| Task |
Skip the pictures. Give all the data again exactly.

| Information supplied |
○ ○ ○ ○
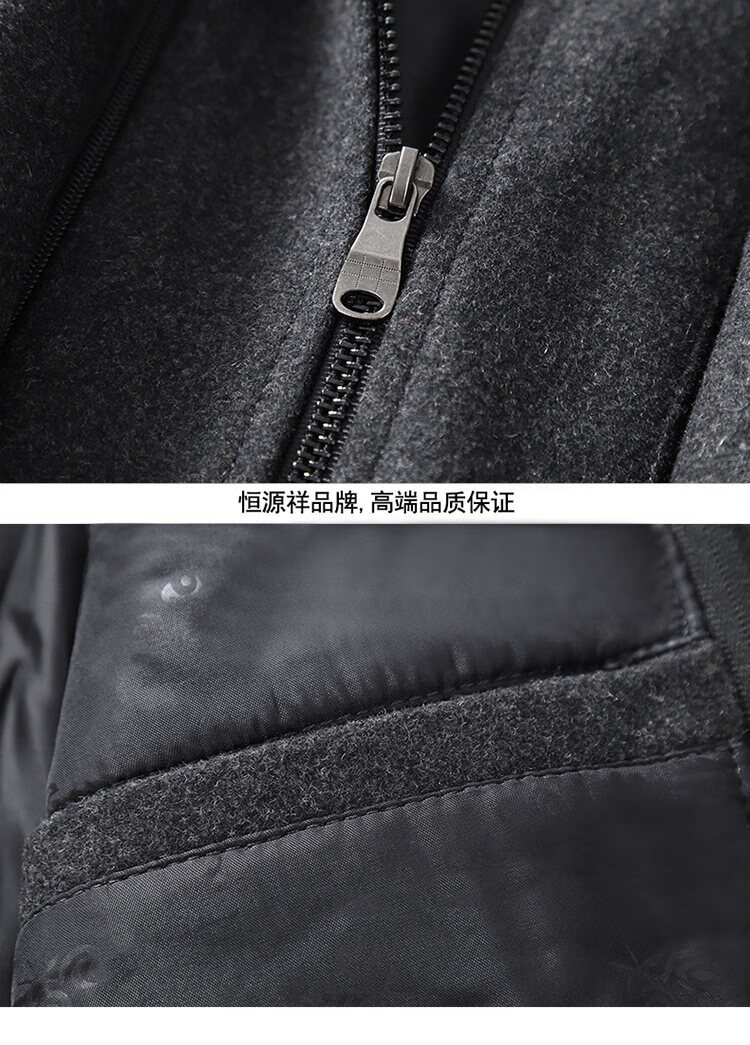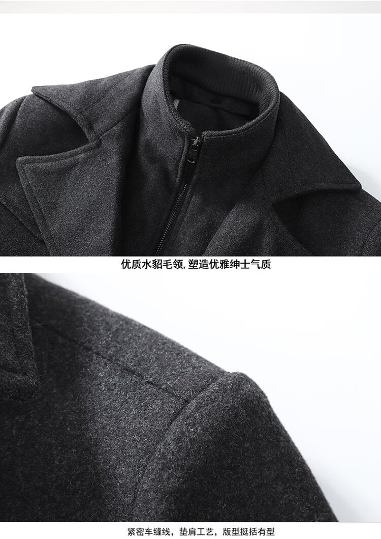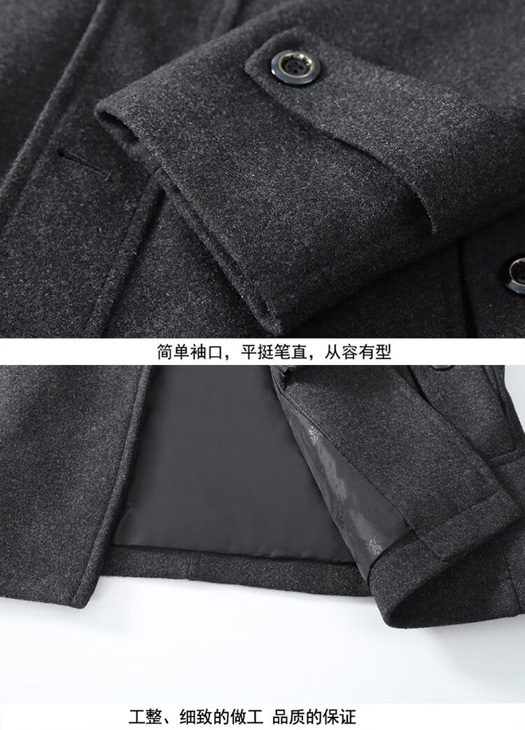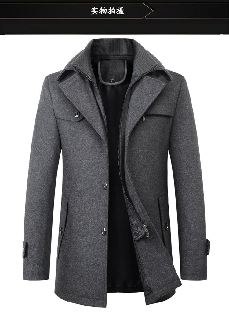 ROMON men's mid-length woolen coat autumn and winter double collar cotton thickened coat young and middle-aged business casual men's dark gray thickened L (recommended 115-130Jin Jin equals 0.5 kg)
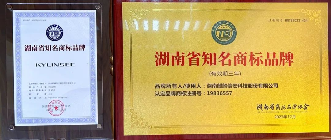 会上宣布了2023年“湖南省知名商标品牌”认定名单,麒麟信安旗下“KYLINSEC”商标成功入选,这是继2022年之后,麒麟信安再度荣膺“湖南省知名商标品牌”奖项,既是业界对麒麟信安品牌价值的持续肯定和认可,同时彰显了麒麟信安领先的行业地位和不断提升的品牌影响力。
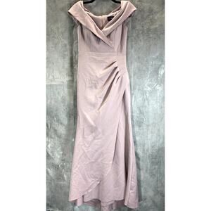 XSCAPE Women's Blush Pink Off-The-Shoulder Sweetheart Neck Ruched Gown SZ 6
○ ○ ○ ○
| Solution |
 ROMON men's mid-length woolen coat autumn and winter double collar cotton thickened coat young and middle-aged business casual men's dark gray thickened L (recommended 115-130Jin Jin equals 0.5 kg)
 会上宣布了2023年“湖南省知名商标品牌”认定名单,麒麟信安旗下“KYLINSEC”商标成功入选,这是继2022年之后,麒麟信安再度荣膺“湖南省知名商标品牌”奖项,既是业界对麒麟信安品牌价值的持续肯定和认可,同时彰显了麒麟信安领先的行业地位和不断提升的品牌影响力。
 XSCAPE Women's Blush Pink Off-The-Shoulder Sweetheart Neck Ruched Gown SZ 6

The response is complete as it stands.